Ernest Hemingway: «Um homem pode ser destruído mas não vencido.»

segunda-feira, 24 de janeiro de 2011

A verdade para Cavaco é o silêncio


Ontem, no discurso de vitória, Cavaco disse que tinha vencido a verdade.
Só que eu tenho memória e recordo que a verdade de Cavaco foi e é o silêncio.
Mesmo no discurso de vitória, limitou-se a atacar quem teve a veleidade de questioná-lo durante a campanha e impôs como regra não dar resposta a qualquer questão colocada pelos jornalistas.
Cavaco, mesmo no dia de mais uma vitória eleitoral, esteve ao seu nível.
O discurso foi azedo, crispado e inconclusivo quanto à forma como exercerá o segundo mandato, nada compatível, portanto, com o estatuto de Presidente da República.
Apesar de tudo, recuso-me a aceitar que Cavaco Silva, acredite mesmo que a sua reeleição foi a "vitória da verdade sobre a calúnia"!..
É que a minha memória recorda-se de Fátima Felgueiras, do Isaltino Morais e do Valentim Loureiro, entre outros...
E essa comparação eu recuso.
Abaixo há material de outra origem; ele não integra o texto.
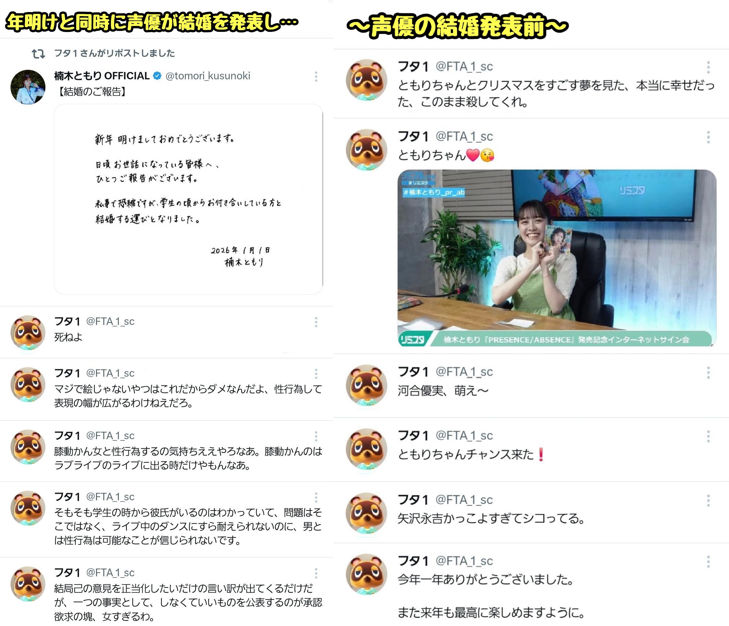 | … | 1326/01/03(土)10:38:56No.1389031162そうだねx9普通の結婚発表ならそんな荒れなかったが |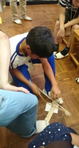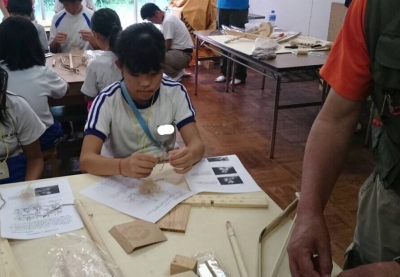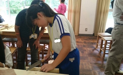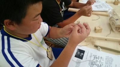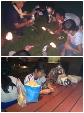 顔合わせをした後、火おこし体験をしています。悪戦苦闘しているようです・・・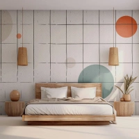 Glass picture - Colorful circles on a geometric grid of thin lines - 70x50cm - Imprisoned. Us or Them? - Modern wall decoration for the living room and bedroom ARTTOR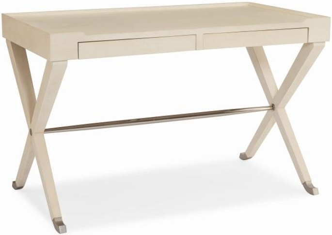 Our sophisticated little Metro Luxe writing desk has a randomly matched Chestnut Cluster veneer top that's bordered on three sides by a raised gallery edge. Its base features two pairs of X-shaped legs joined by a simple metal stretcher. The stretcher, along with the metal ferrules that cap each leg, has a nickel finish.Read More

De todo.
Ontem, todos perdemos. Estavam inscritos 9.621.146 eleitores. O "presidente de todos os portugueses" foi eleito com 2.228.031 votos!..
Com uma abstenção de 53,37 por cento dos votos, Cavaco Silva foi eleito com apenas 52,94 por cento dos votos.
Cavaco Silva teve  menos 365 027 votos do que quando perdeu as eleições contra Sampaio e menos 543 327 do que quando foi eleito em 2006!..
O que  torna Cavaco Silva  o presidente reeleito com a menor percentagem de sempre.